W kolejnych monologach główna bohaterka wspomina swoje
dramatyczne losy w odwrotnej niż chronologiczna kolejności - od
powojennej kariery i występów na najważniejszych scenach świata, w tym w
Carnegie Hall, poprzez emigrację z kraju, procesy, w których musiała
się oczyszczać z zarzutów o kolaborację, aż po wojnę i getto, występy w
przedwojennych kabaretach i w końcu znów samotną starość. Poszczególne sceny zostały przeplecione piosenkami z repertuaru Wiery Gran. Obdarzona fenomenalnym głosem Justyna Sieńczyłło przejmująco wykonuje takie przeboje, jak Jej pierwszy
bal czy Trzy listy, nie naśladując śpiewu Wiery,
lecz samodzielnie interpretując jej utwory.
Sądzę, że emocjonalnie to przedstawienie musiało być bardzo kosztowne, bo nawet siedząc cicho na widowni, czułam, jak wbija mnie w krzesło. Portret kobiety,
przeczołganej przez
życie. Ogląd najważniejszych, a na pewno najbardziej
wstrząsających etapów życia Wiery Gran. Jej zagubienie, samotność a nawet paranoja wydaja się niepojęte, bo większość z nas wie tylko o sukcesach i sławie.

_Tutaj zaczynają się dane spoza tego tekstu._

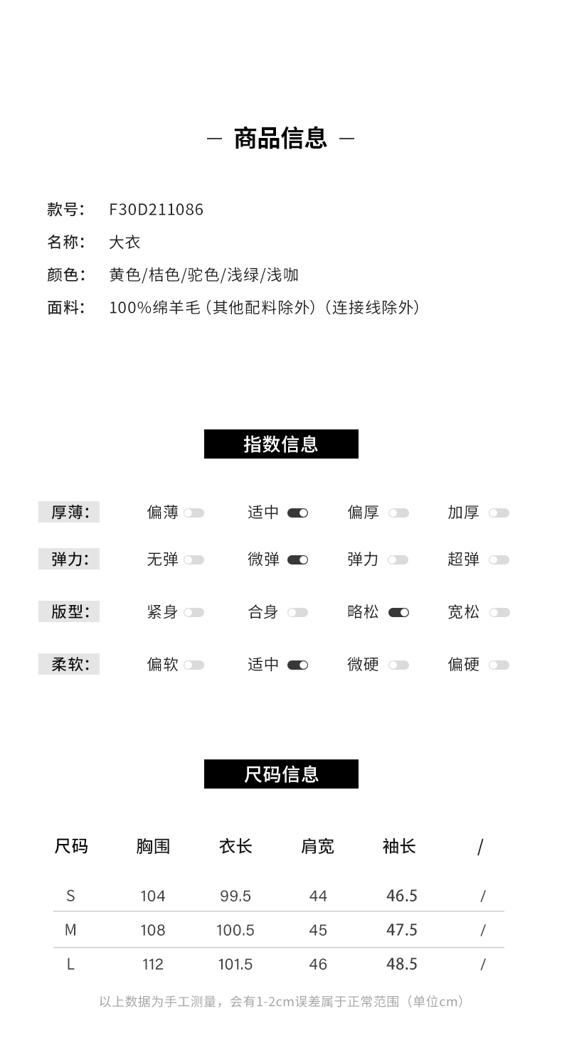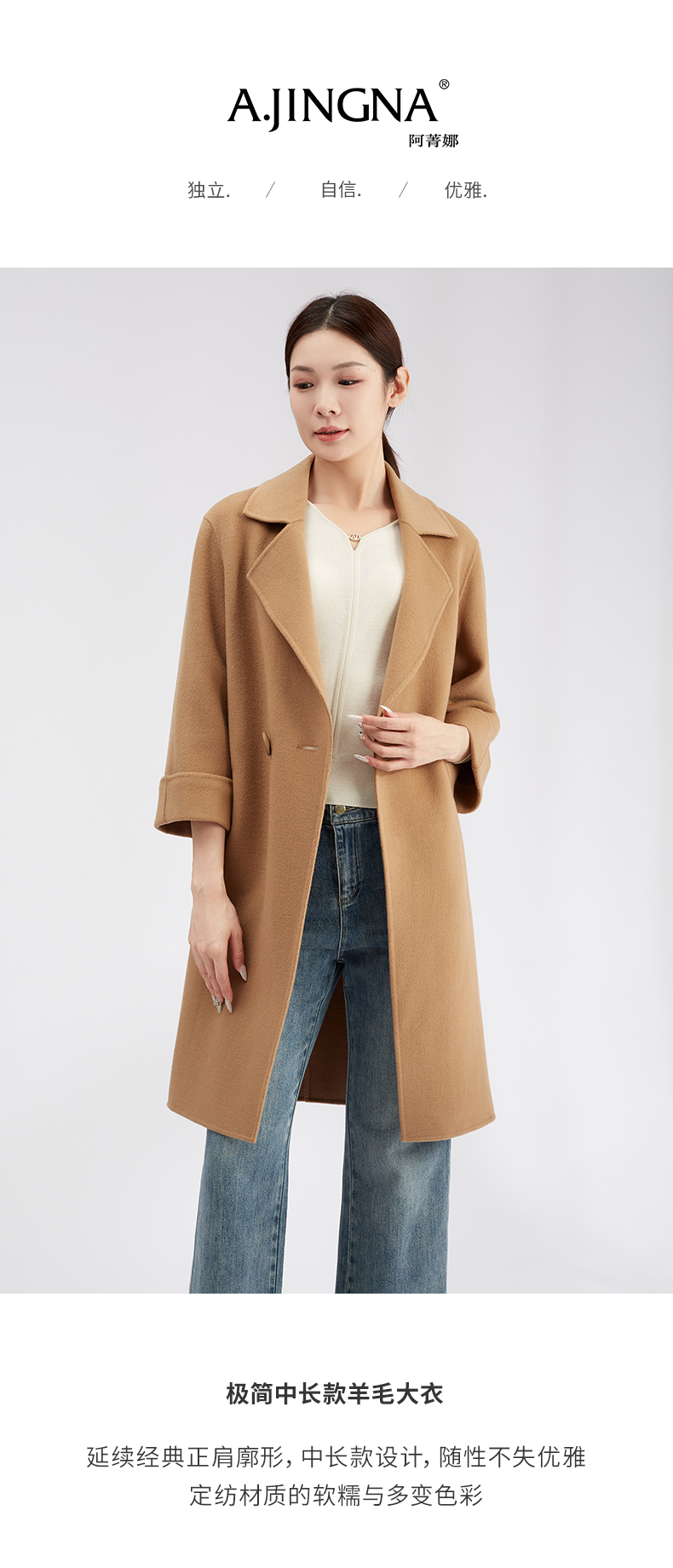 【商城同款】阿菁娜极简中长款羊毛大衣F30D211086
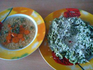 dneska máme vývar hovězí s nudličkami a nudle se špenátem a smetanovo-nivovou omáčkou 😀
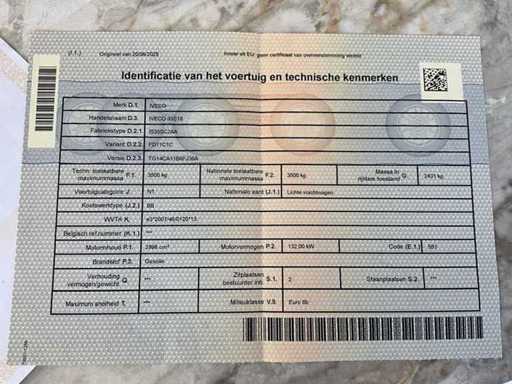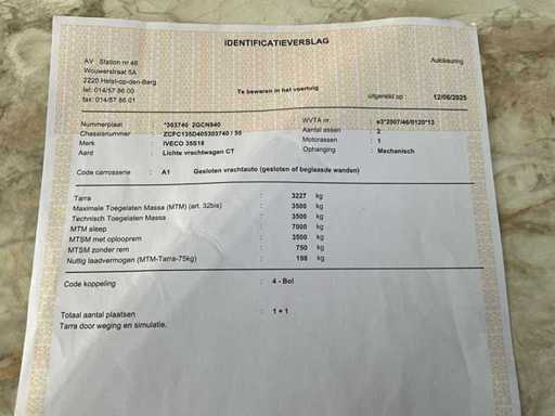 opgelet: wordt verkocht zonder inhoud en inrichting laadruimte - gebroken spiegel en herstelling scherm met bluetooth gebeuren tegen einde veiling dus wordt volledig in orde verkocht, enkel wat gebruikssporen carrosserie (zie foto’s), op motorkap is geen steenslag maar vuil dat nog kan verwijderd worden; lengte laadruimte 3540cm - laag laadvermogen op identificatieverslag veroorzaakt door weging met inhoud en inrichting: vermoedelijk laadvermogen ongeveer 1000kg

Nadzwyczajne jest także i to, że pomimo poruszającej kreacji Justyny Sieńczyłło, która bezgranicznie skupia na sobie uwagę, zdołała dla siebie znaleźć pokaźne miejsce także Paweł
Burczyk, przywdziewający kilka bardzo odmiennych kreacji: rosyjskiego celnika, śledczego, konferansjera, dziennikarza i wreszcie - wspaniale! - żydowskiego komika.